# Treating Plywood for outdoor use?



## elks

Ok I am making a small platform for the high school band drumming section. It is basically a deck, but it will have 3/4 plywood for the floor. I am needing to seal it up as best we can such that it will last a long time. The last one built was before my time and used 5/8 plywood and was still in decent shape until the wind picked it up and relocated 60 yards away and about 40 feet lower. 

So what can I do to water seal the whole thing up? Need good quality water resistant setup to keep it lasting.


----------



## cabinetman

Will this platform be painted, or finished how? Your best choice (and the most expensive) would be marine grade plywood. Or you could use A-C exterior, or CDX plywood. 












 







.


----------



## elks

cabinetman said:


> Will this platform be painted, or finished how? Your best choice (and the most expensive) would be marine grade plywood. Or you could use A-C exterior, or CDX plywood.
> 
> 
> 
> 
> 
> 
> 
> 
> 
> 
> 
> 
> 
> 
> 
> 
> 
> 
> 
> 
> .


It will be CDX(already had it in stock). I could do either paint or stain. I was leaning towards stain, but am open to suggestions.

Thanks a ton.


----------



## tcleve4911

Porch & deck enamel..........


----------



## elks

tcleve4911 said:


> Porch & deck enamel..........


Oil based i would assume. Any particular brand? I have a true value near by and a sherwim williams. I also can order online. 

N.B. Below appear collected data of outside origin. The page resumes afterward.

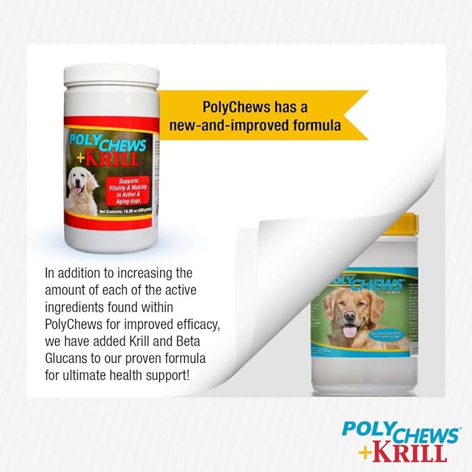 - Ideal supplement to support adult dogs with achy hips and joints, active dogs and growing puppies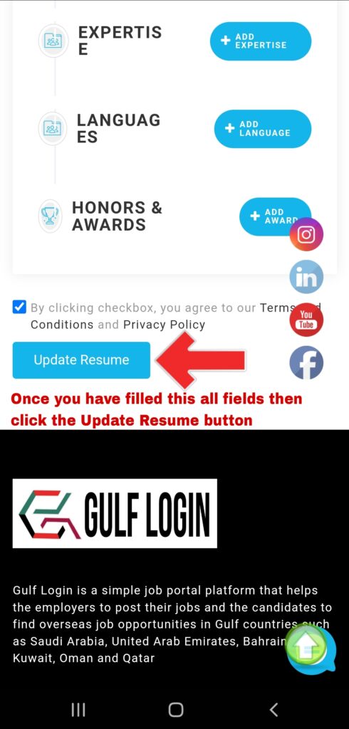 After filled this all fields then click this Update Resume button to save your information.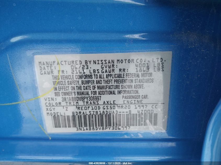 2023 NISSAN SENTRA 2023 року Бензин, 2.0, Передній привід, vin - 3N1AB8DV8PY306997 з США

I saw armor gaurd stuff for $90 a gallon and valspar for only 32 a gallon.


----------



## GearWorksguy

I am partial to True Value hw stores as as my late father-in-law owned one for over 35 years..... Oil base is going to stick better.

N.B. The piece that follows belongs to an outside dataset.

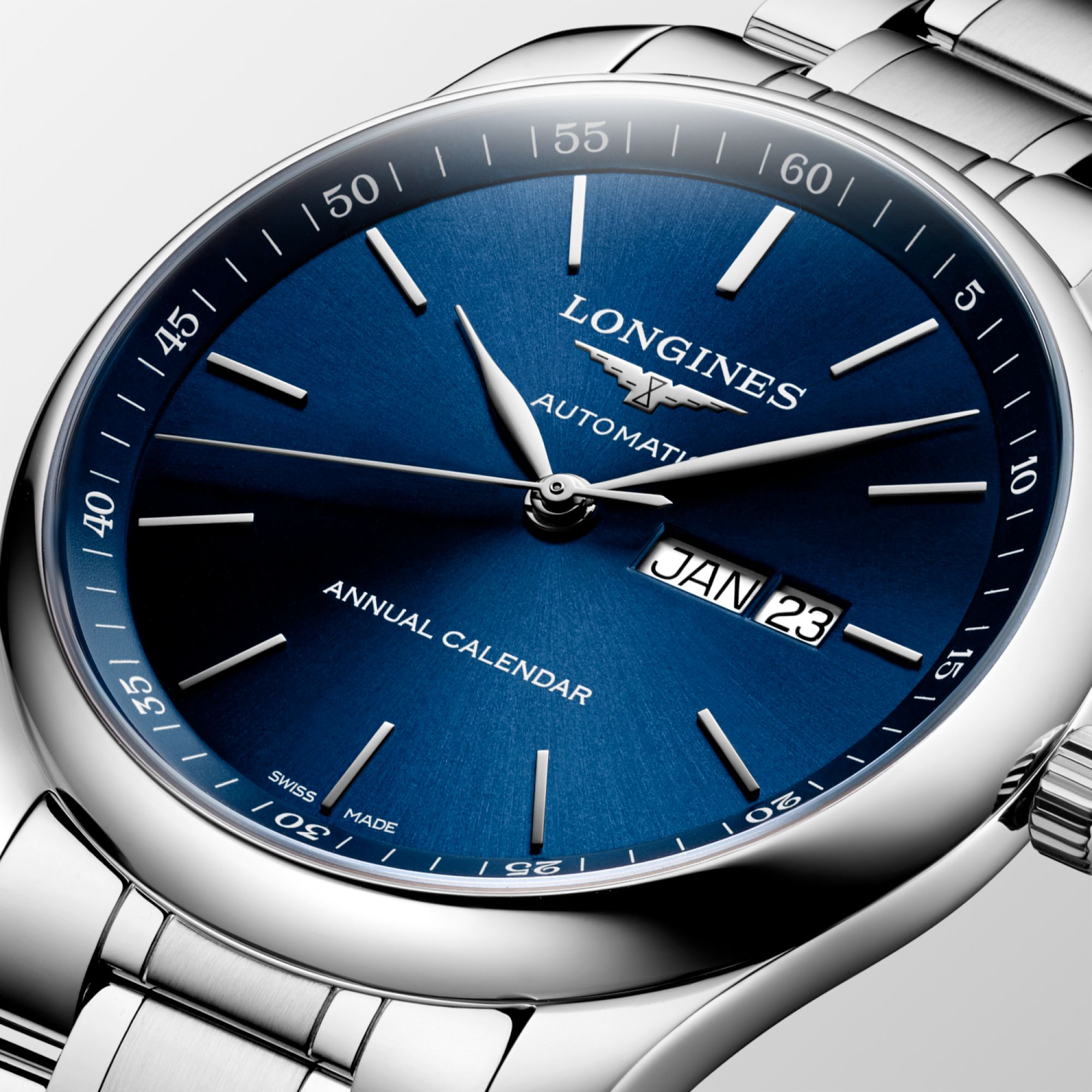 The polished stainless steel case of this Longines Master Collection watch measures to a neat 42mm in size and is fastened effortlessly to the wrist by a comfortable three-row bracelet with two-toned brushed and polished finishing and a triple security folding clasp. The L897 automatic winding movement delivers exceptional functionality, providing the men’s dress watch with hour, minutes, seconds function, a double day and date window at 3 o’clock and an impressive power reserve of 64 hours. The handsome blue sunray dial is the perfect backdrop to these functions, decorated in applied indexes, silvered polished hands and the legendary winged hourglass logo.

I would also ask you to consider something to be added to the last coat of paint for grit. This might be something of a controversial idea but if the kids are going to be "up there" and you use some enamel it might get slippery. I expect you will have rain and maybe snow to contend with too so the grit will help keep the kids safer It also might help keep the paint on longer if they happen to shovel snow off.

So I am adding some links of products with grit for your collective review. Just a thought....

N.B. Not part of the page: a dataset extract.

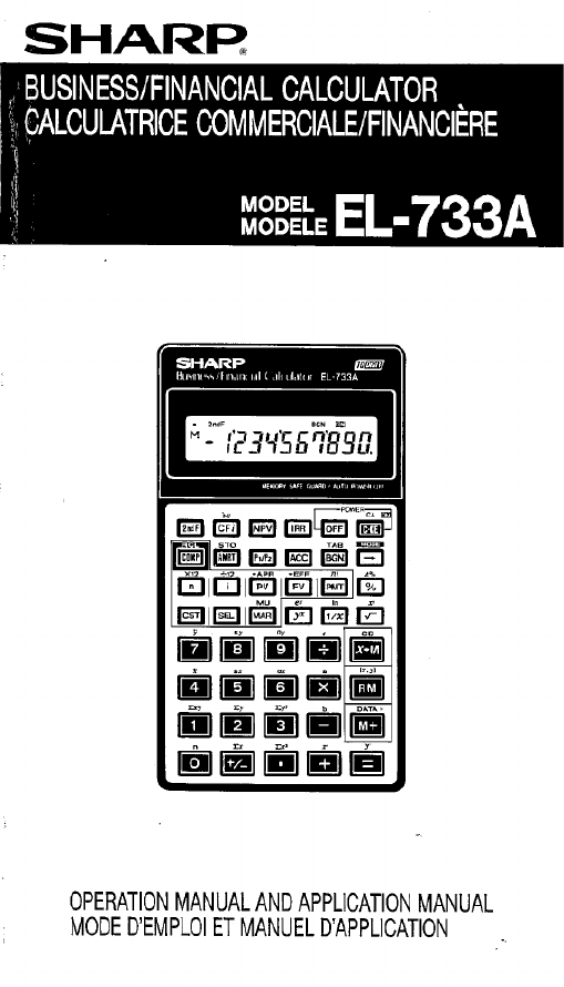 Hier is de Sharp EL-733A (Rekenmachine) gebruikershandleiding. 89 pagina's in taal - met een gewicht van 3.7 Mb. Als u geen antwoorden op uw probleem kunt vinden Vraag het onze community.

http://www.interstateproducts.com/nonslipproducts.htm
http://www.ehow.com/how_7656204_apply-antislip-grit-paint.html
http://www.epoxyproducts.com/nonslip.html


----------



## Steve Neul

If it's going to be painted, I like pressure treated yellow pine. It would last years if left raw. If the plywood is fresh from the factory, I would let it dry a couple of weeks before painting. The plywood can also be stained but more drying time is needed.


----------



## del schisler

tcleve4911 said:


> Porch & deck enamel..........


That will make it slick as all hell just with a little moister and even than with from grass to the enamel it could be slick with leather sole's??? Get something to sprinkle in when the paint is still wet ? I bet some one will know i doin't. Doin't want any skater's


----------



## cowboy dan

just use grip tape.... for skateboards. it works and you can get many colors. you can also do some cool designs with it.


----------



## BWSmith

If its for a school band....one thought would be to talk to the local truck bedliner folks.See if they'll shoot it as a donation of sorts.Maybe have them get a little advertizing out of it.....one of their stickers and some free tickets or sumthin?BW


----------



## GeorgeC

Coat all sides in two part epoxy. If you really want to make it a forever floor also wrap it in fiberglass mat before epoxy.

George


----------